Gregor Mendel Institute (GMI), Austrian Academy of Sciences, Vienna, Austria.
Nat Genet. 2012 Jun 17;44(7):825-30. doi: 10.1038/ng.2314.
Population structure causes genome-wide linkage disequilibrium between unlinked loci, leading to statistical confounding in genome-wide association studies. Mixed models have been shown to handle the confounding effects of a diffuse background of large numbers of loci of small effect well, but they do not always account for loci of larger effect. Here we propose a multi-locus mixed model as a general method for mapping complex traits in structured populations. Simulations suggest that our method outperforms existing methods in terms of power as well as false discovery rate. We apply our method to human and Arabidopsis thaliana data, identifying new associations and evidence for allelic heterogeneity. We also show how a priori knowledge from an A. thaliana linkage mapping study can be integrated into our method using a Bayesian approach. Our implementation is computationally efficient, making the analysis of large data sets (n > 10,000) practicable.

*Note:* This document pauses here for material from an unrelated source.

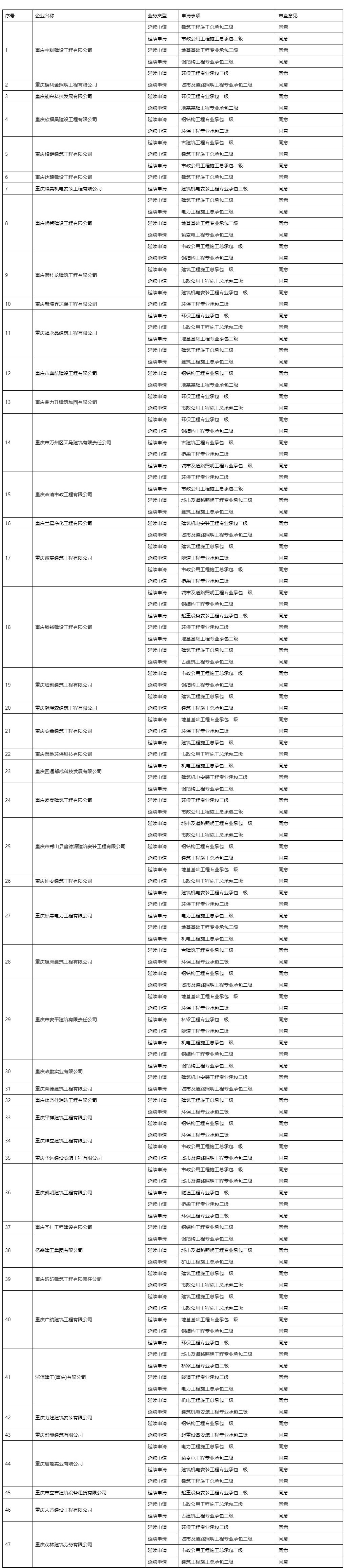 按照《行政许可法》《建筑业企业资质管理规定》(住房城乡建设部令第22号)、《住房城乡建设部关于印发〈建筑业企业资质标准〉的通知》(建市〔2014〕159号)、《住房城乡建设部关于印发〈建筑业企业资质管理规定和资质标准实施意见〉的通知》(建市〔2015〕20号)规定,经企业申报和征求区县住房城乡建设主管部门意见,我委近期审查了重庆宇科建设工程有限公司等企业申请建筑业企业资质的材料,并进行了集体会审,现将审查意见予以公示。公示期为2025年9月22日至2025年10月1日。审查意见为不同意的企业,自公示之日起2天后可通过“重庆建设工程信息网→网上申报→行政审批服务中心信息管理平台”查询具体意见。

人口结构导致非连锁基因座间的全基因组连锁不平衡,从而导致全基因组关联研究中的统计混杂。混合模型已被证明能够很好地处理大量小效应基因座弥漫背景的混杂效应,但它们并不总是能解释大效应基因座的情况。在这里,我们提出了一种多基因座混合模型,作为一种在结构群体中定位复杂性状的通用方法。模拟表明,我们的方法在功效和假发现率方面都优于现有方法。我们将该方法应用于人类和拟南芥的数据,鉴定出新的关联和等位基因异质性的证据。我们还展示了如何使用贝叶斯方法将来自拟南芥连锁图谱研究的先验知识整合到我们的方法中。我们的实现方法计算效率高,使对大型数据集(n > 10000)的分析成为可能。